珈琲日記#17 田舎町の古民家カフェにて
久しぶりにローカル線に揺られて、地元よりもさらに田舎な地域に行った。
人口減少、高齢化率の上昇が著しい、いわゆる「過疎地域」。
コロナ禍の時期、なかなか移動ができなかった時にかろうじて行くことができた地域だった。
自分が地域の研究やまちづくりの仕事をしていることに興味を持ってくれた人とつながり、マルシェのボランティアをしたり、地域おこし協力隊の方が主催するイベントに参加したりしていた。
たぶん、わたしはその地域における「関係人口」と言えるのかもしれない。
春の季節にこの地域に行くのは初めてだった。
だから、ローカル線の車窓から見える萌葱色や桃色な春の山や河川の脇に咲いている菜の花がとても美しく、新鮮に見えた。自然と、涙がこぼれていた。
本当は10年以上の仲の友人と行く予定だったのだけど、予定が合わず急遽ひとりで。ひとりの時間を大切にするための時間にしようとおもった。
駅をおり、観光協会で自転車(とヘルメット)を借り、前から行きたかったカフェに行く。

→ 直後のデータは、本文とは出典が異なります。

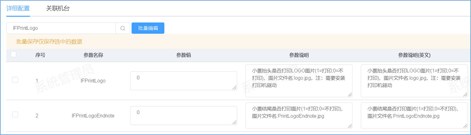 配置打印小票图片-功能介绍 收银机结账的小票支持打印自定义图片,小票抬头和结尾均可以设置一张图片打印。 配置打印小票图片-流程图  配置打印小票图片-功能路径 新零售管理后台->销售->POS配置->POS基本信息配置  配置打印小票图片-操作流程-参数设置 1.进入新零售管理后台->销售->POS配置->POSINI组参数设置: 2.修改参数值1为开启:小票抬头是否打印:IFPrintLogo 小票结尾是否打印:IFPrintLogoEndnote 注:打印小票图片必须安装小票打印机驱动  配置打印小票图片-操作流程-发布图片 1.进入POS基本信息配置,点击小票图片的编辑按钮 2.上传要打印的小票抬头logo和小票结尾图片 3.最后点击确认按钮即可,POS机重启后会自动更新

地元で自転車に乗るなんて、しかもヘルメットを被るなんて、中学生の時以来だった。
毎日ヘルメットとセーラー服(中には短パンジャージ)で通学していたあの頃。
その日は長めのスカートだったので、セーラー服で自転車を漕ぐ感覚ににていた。
目的地のカフェは、数年前に築150年の古民家をセルフリノベーションしてできたお店。地域おこし協力隊だった方がコーヒーの焙煎士としてお店を構えている。
カフェができる前からそのお店の方と知り合いだった。
自分はこのエッセイを書き始める前からコーヒーは日常の一部だった。カフェに行くのも大好きだった。でも、その方と出会って、コーヒーの知識や淹れ方を知って、より一層コーヒーが好きになった。
命の恩人ならぬコーヒーの恩人?なのかもしれない。
ひとりでゆっくりした。店内(というか室内?)には本棚があって、そこからコールハースのエッセイを見つけた。都市や地域を考える上で、コールハースは私にとって重要人物の一人だったので、うれしかった。1-2時間かけてじっくり読んだ。
自分と同年代となると、95%くらいの人は働いている。それに引け目を感じ続けてしまっている。そう思う必要ないのに。
この一年は諸事情で色々ゆっくりすることになった。悩ましいけど。こうするしかなかった。
そういう意味では、ゆっくりする良い週末に塗った気がする。
帰り際、店主さんと語った。続けることの大切さ、難しさ、距離感。
この辺の人は地方に住んでるのに、考え方や時間感覚が都市だねって。
研究のヒントにもなったかもしれない。